Rheinpfalz Kommentar: Ministerium will Hartz-IV-Bezieher mit 63 in Frührente schicken

Das sozialdemokratisch geführte Bundesarbeitsministerium will die Hartz-IV-Regeln vereinfachen. Dabei geht es vor allem um Leistungskürzungen. Und um die Stimmen der Mittelschicht.

Die Meldung ging fast unter: Langzeitarbeitslose sollen, sobald sie 63 Jahre alt sind, vom Jobcenter leichter verrentet werden können – gegen ihren Willen und obwohl sie deutliche Abschläge hinnehmen müssen. Wirken die Betroffenen nicht mit, drohen Leistungskürzungen. Das ist ein Vorschlag zur „Rechtsvereinfachung“ beim Hartz-IV-Bezug, den Bundesarbeitsministerin Andrea Nahles (SPD) vorgelegt hat und der im Bundestag beraten wird, bisher still und leise. Es trifft auch Kinder. Leben deren Eltern getrennt und erhält ein Elternteil Hartz IV – meist ist das die alleinerziehende Mutter –, sollen für den Leistungsbezug des Kindes nur Tage gelten, an denen es sich auch bei ihr aufhält.
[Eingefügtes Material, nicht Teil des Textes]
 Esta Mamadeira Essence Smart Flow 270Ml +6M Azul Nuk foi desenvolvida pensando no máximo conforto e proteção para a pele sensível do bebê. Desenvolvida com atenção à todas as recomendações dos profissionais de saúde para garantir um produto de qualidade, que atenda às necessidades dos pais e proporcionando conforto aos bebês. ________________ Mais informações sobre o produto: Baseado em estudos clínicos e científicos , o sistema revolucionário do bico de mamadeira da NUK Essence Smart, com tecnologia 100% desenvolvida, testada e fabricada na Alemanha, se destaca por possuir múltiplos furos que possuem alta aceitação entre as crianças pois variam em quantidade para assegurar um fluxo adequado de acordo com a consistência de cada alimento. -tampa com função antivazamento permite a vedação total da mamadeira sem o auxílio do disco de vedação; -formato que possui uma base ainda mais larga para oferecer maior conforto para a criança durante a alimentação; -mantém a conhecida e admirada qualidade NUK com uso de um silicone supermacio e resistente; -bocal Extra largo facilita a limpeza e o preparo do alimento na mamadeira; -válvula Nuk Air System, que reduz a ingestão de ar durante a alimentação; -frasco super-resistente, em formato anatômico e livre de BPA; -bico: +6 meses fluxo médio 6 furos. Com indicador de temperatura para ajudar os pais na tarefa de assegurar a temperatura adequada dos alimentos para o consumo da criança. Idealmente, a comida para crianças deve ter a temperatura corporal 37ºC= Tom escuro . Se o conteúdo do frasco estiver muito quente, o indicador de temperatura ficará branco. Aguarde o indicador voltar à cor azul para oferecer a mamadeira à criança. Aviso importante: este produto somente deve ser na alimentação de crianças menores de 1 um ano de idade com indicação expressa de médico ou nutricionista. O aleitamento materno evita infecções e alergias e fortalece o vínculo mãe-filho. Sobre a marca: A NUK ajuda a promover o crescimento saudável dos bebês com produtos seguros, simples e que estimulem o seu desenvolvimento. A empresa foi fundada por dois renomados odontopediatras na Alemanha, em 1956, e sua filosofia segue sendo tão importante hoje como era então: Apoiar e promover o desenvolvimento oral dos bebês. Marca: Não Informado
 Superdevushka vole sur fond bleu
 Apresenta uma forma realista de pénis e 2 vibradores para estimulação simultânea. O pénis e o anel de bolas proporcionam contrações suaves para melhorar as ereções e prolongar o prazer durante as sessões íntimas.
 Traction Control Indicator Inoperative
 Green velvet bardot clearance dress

Papa-Zeit wird bei Mama rausgerechnet. Als müsste die Mutter für das Kinderzimmer nur tageweise Miete zahlen. Als bekäme sie Spielzeug fürs halbe Geld, weil es nur die halbe Zeit genutzt wird. Als gäbe es keine Debatte über Chancengerechtigkeit, Kinderarmut, Altersvorsorge. Nahles sagt, es gehe um den Abbau von Bürokratie. Das ist Augenwischerei. In Wahrheit geht es um den Abbau von Leistungen. Denn wie, bitteschön, passt zusammen, die einen (arbeitslos) zwangszuverrenten, während die anderen (beschäftigt) schaffen sollen bis ultimo? Wo soll Bürokratie wegfallen, wenn kontrolliert werden muss, wo sich bedürftige Kinder wann aufhalten? Wie soll das billiger sein? Nein, dahinter steckt gewiss nicht behördliche Sparsamkeit, sondern ein Menschenbild, das den Bezieher von Sozialleistungen als Schmarotzer abstempelt und nicht als jemanden begreift, der auf Unterstützung angewiesen ist. Als jemanden, der etwas erhält, was er im Grunde nicht verdient. Bei windigen Finanzjongleuren ist die Politik weit weniger pingelig. Die Daumenschrauben anziehen bei denen, die aus dem Topf rausholen, bringt den Beifall und die Stimmen derjenigen, die einzahlen, so lautet die zynische Gleichung. Und das bei einer Partei, deren Chef gerade erst wieder über „soziale Gerechtigkeit“ als ach so wichtigen Markenkern räsonierte. Das erstaunt. Und kann eigentlich nur eines bedeuten: Dass auch die SPD die schwächsten Glieder der Gesellschaft abgeschrieben hat.